#### [Task statement]
Set down every record below exactly as it stands, leaving out the pictures.

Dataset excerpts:
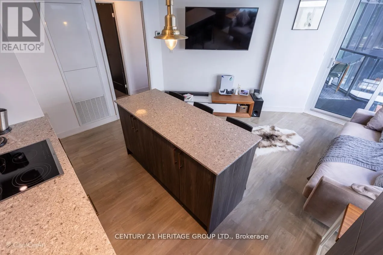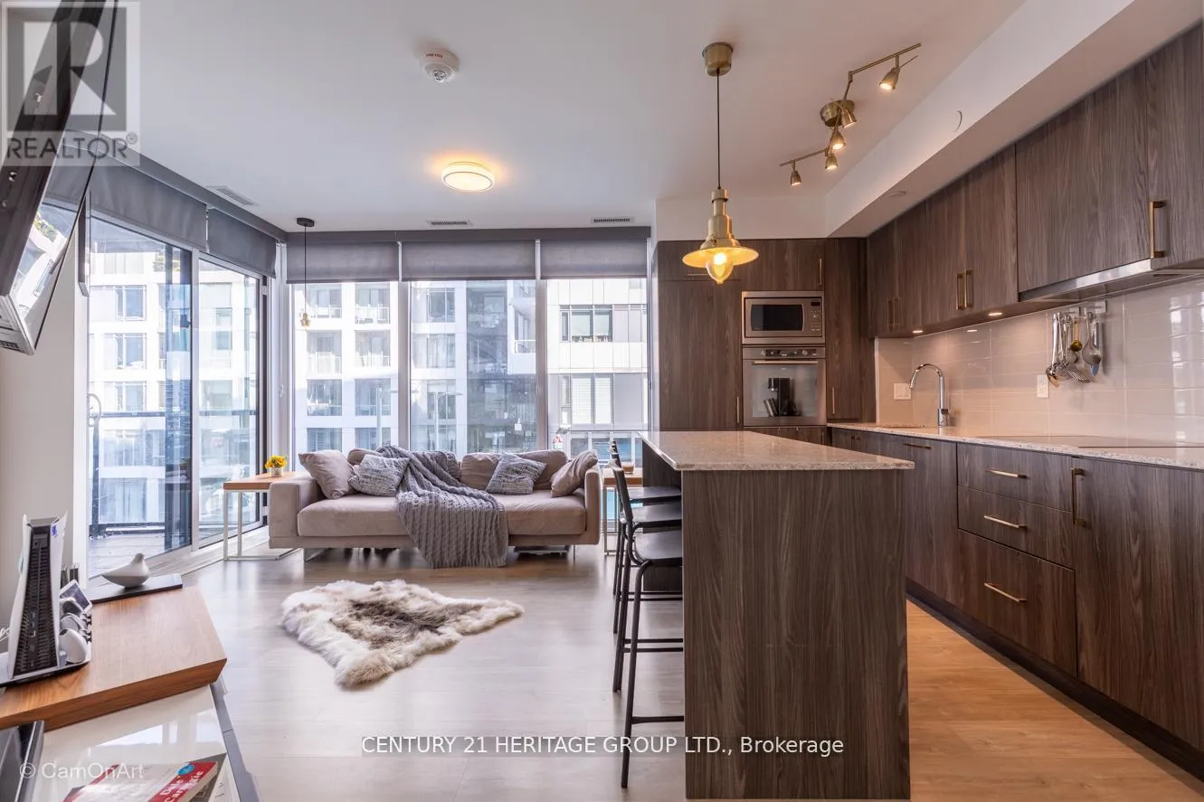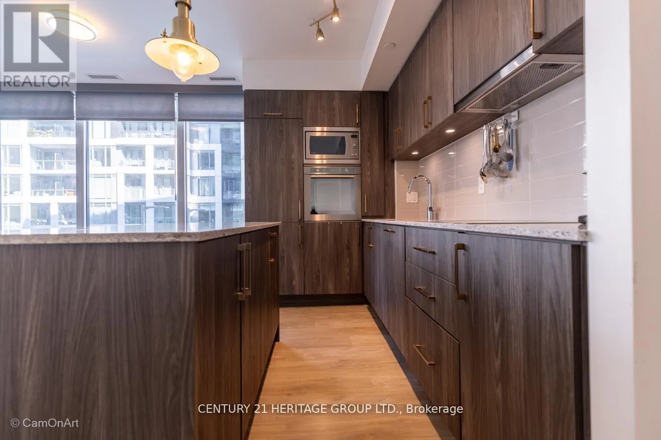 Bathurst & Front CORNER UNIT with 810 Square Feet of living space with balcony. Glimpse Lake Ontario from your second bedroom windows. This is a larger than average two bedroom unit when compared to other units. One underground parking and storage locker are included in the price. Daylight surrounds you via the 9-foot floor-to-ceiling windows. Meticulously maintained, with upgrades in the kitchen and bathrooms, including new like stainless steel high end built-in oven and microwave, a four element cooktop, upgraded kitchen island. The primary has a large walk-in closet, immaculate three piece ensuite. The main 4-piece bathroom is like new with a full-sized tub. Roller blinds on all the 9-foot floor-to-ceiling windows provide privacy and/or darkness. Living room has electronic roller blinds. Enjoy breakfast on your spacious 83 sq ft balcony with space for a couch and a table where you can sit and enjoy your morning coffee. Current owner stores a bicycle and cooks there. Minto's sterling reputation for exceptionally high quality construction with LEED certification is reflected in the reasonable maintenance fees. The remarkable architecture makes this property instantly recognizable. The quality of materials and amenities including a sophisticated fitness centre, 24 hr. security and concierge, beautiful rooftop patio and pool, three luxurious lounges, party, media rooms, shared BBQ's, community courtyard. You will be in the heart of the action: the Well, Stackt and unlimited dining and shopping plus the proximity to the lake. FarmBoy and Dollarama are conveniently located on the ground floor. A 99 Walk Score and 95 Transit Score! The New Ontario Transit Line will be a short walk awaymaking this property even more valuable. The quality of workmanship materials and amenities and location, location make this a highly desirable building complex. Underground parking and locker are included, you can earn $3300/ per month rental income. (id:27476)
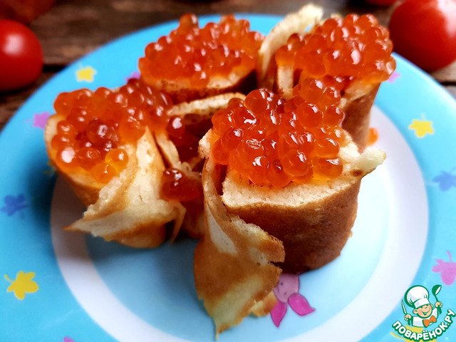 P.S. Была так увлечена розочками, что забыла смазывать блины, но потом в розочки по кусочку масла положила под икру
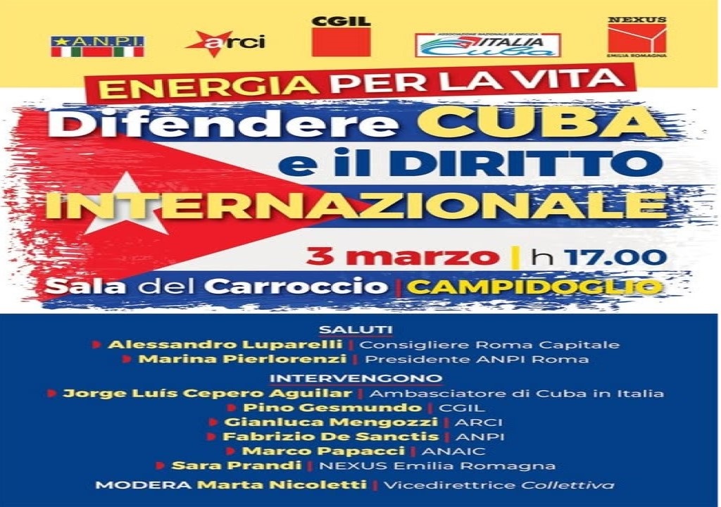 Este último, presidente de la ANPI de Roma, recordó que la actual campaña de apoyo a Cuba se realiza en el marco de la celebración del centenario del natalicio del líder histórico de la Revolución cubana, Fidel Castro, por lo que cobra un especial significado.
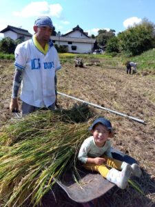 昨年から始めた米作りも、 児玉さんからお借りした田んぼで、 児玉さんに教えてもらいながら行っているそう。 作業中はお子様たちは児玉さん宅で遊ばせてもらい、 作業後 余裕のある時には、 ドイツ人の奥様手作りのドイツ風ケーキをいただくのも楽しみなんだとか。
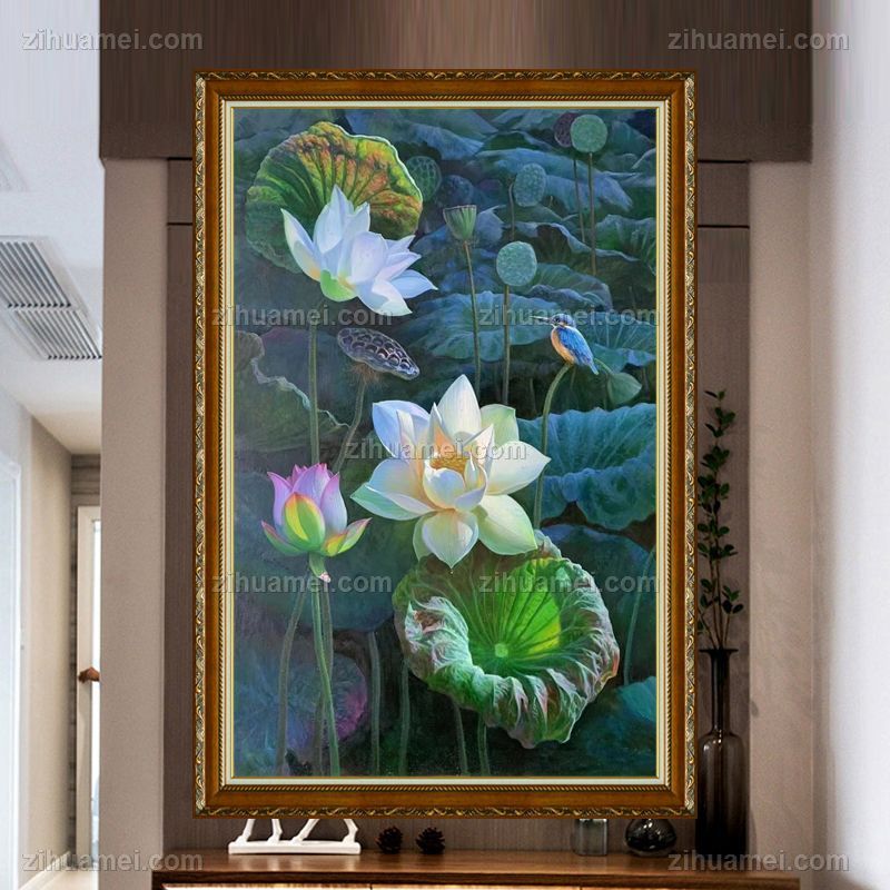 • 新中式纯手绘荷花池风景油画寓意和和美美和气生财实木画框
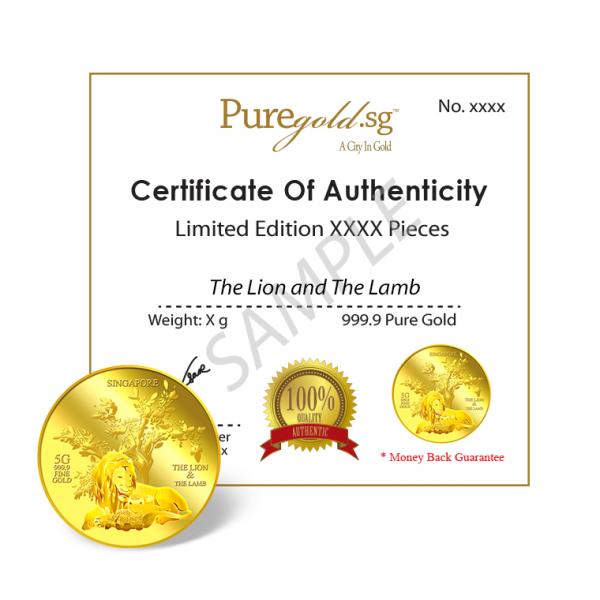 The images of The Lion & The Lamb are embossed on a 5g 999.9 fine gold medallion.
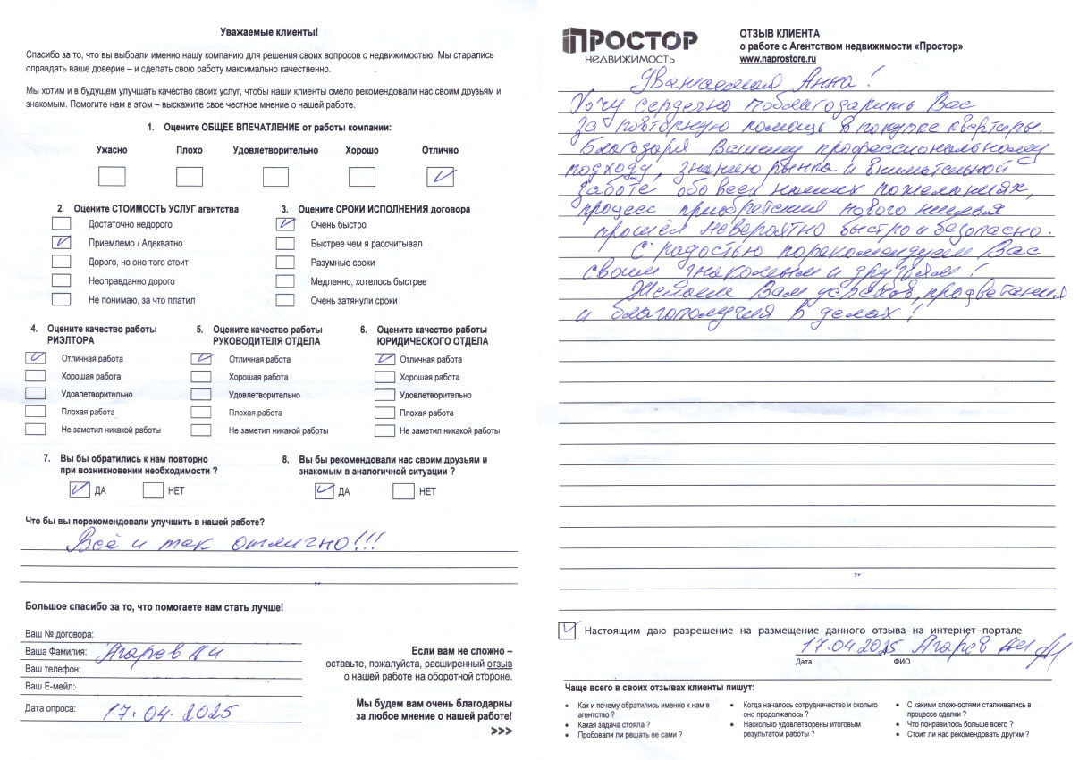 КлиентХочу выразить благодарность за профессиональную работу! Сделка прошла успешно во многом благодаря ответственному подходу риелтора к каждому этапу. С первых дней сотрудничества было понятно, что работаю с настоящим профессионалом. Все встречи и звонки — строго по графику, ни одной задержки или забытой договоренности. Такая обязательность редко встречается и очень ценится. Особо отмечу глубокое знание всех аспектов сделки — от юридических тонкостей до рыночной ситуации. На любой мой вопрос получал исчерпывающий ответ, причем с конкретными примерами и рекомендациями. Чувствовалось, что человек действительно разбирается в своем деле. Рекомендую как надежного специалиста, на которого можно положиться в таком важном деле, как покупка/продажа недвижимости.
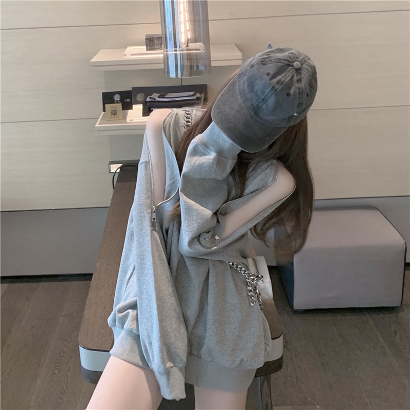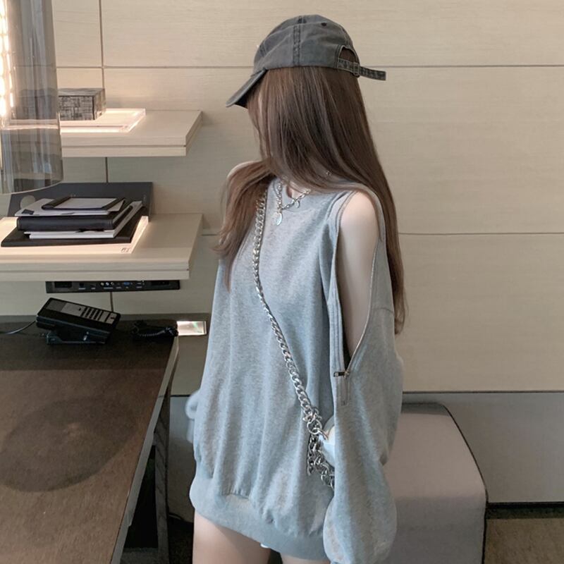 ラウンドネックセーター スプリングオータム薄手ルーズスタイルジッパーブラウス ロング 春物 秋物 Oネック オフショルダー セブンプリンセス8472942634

#### [Exercise answer]
 Bathurst & Front CORNER UNIT with 810 Square Feet of living space with balcony. Glimpse Lake Ontario from your second bedroom windows. This is a larger than average two bedroom unit when compared to other units. One underground parking and storage locker are included in the price. Daylight surrounds you via the 9-foot floor-to-ceiling windows. Meticulously maintained, with upgrades in the kitchen and bathrooms, including new like stainless steel high end built-in oven and microwave, a four element cooktop, upgraded kitchen island. The primary has a large walk-in closet, immaculate three piece ensuite. The main 4-piece bathroom is like new with a full-sized tub. Roller blinds on all the 9-foot floor-to-ceiling windows provide privacy and/or darkness. Living room has electronic roller blinds. Enjoy breakfast on your spacious 83 sq ft balcony with space for a couch and a table where you can sit and enjoy your morning coffee. Current owner stores a bicycle and cooks there. Minto's sterling reputation for exceptionally high quality construction with LEED certification is reflected in the reasonable maintenance fees. The remarkable architecture makes this property instantly recognizable. The quality of materials and amenities including a sophisticated fitness centre, 24 hr. security and concierge, beautiful rooftop patio and pool, three luxurious lounges, party, media rooms, shared BBQ's, community courtyard. You will be in the heart of the action: the Well, Stackt and unlimited dining and shopping plus the proximity to the lake. FarmBoy and Dollarama are conveniently located on the ground floor. A 99 Walk Score and 95 Transit Score! The New Ontario Transit Line will be a short walk awaymaking this property even more valuable. The quality of workmanship materials and amenities and location, location make this a highly desirable building complex. Underground parking and locker are included, you can earn $3300/ per month rental income. (id:27476)
 P.S. Была так увлечена розочками, что забыла смазывать блины, но потом в розочки по кусочку масла положила под икру
 Este último, presidente de la ANPI de Roma, recordó que la actual campaña de apoyo a Cuba se realiza en el marco de la celebración del centenario del natalicio del líder histórico de la Revolución cubana, Fidel Castro, por lo que cobra un especial significado.
 昨年から始めた米作りも、 児玉さんからお借りした田んぼで、 児玉さんに教えてもらいながら行っているそう。 作業中はお子様たちは児玉さん宅で遊ばせてもらい、 作業後 余裕のある時には、 ドイツ人の奥様手作りのドイツ風ケーキをいただくのも楽しみなんだとか。
 • 新中式纯手绘荷花池风景油画寓意和和美美和气生财实木画框
 The images of The Lion & The Lamb are embossed on a 5g 999.9 fine gold medallion.
 КлиентХочу выразить благодарность за профессиональную работу! Сделка прошла успешно во многом благодаря ответственному подходу риелтора к каждому этапу. С первых дней сотрудничества было понятно, что работаю с настоящим профессионалом. Все встречи и звонки — строго по графику, ни одной задержки или забытой договоренности. Такая обязательность редко встречается и очень ценится. Особо отмечу глубокое знание всех аспектов сделки — от юридических тонкостей до рыночной ситуации. На любой мой вопрос получал исчерпывающий ответ, причем с конкретными примерами и рекомендациями. Чувствовалось, что человек действительно разбирается в своем деле. Рекомендую как надежного специалиста, на которого можно положиться в таком важном деле, как покупка/продажа недвижимости.
 ラウンドネックセーター スプリングオータム薄手ルーズスタイルジッパーブラウス ロング 春物 秋物 Oネック オフショルダー セブンプリンセス8472942634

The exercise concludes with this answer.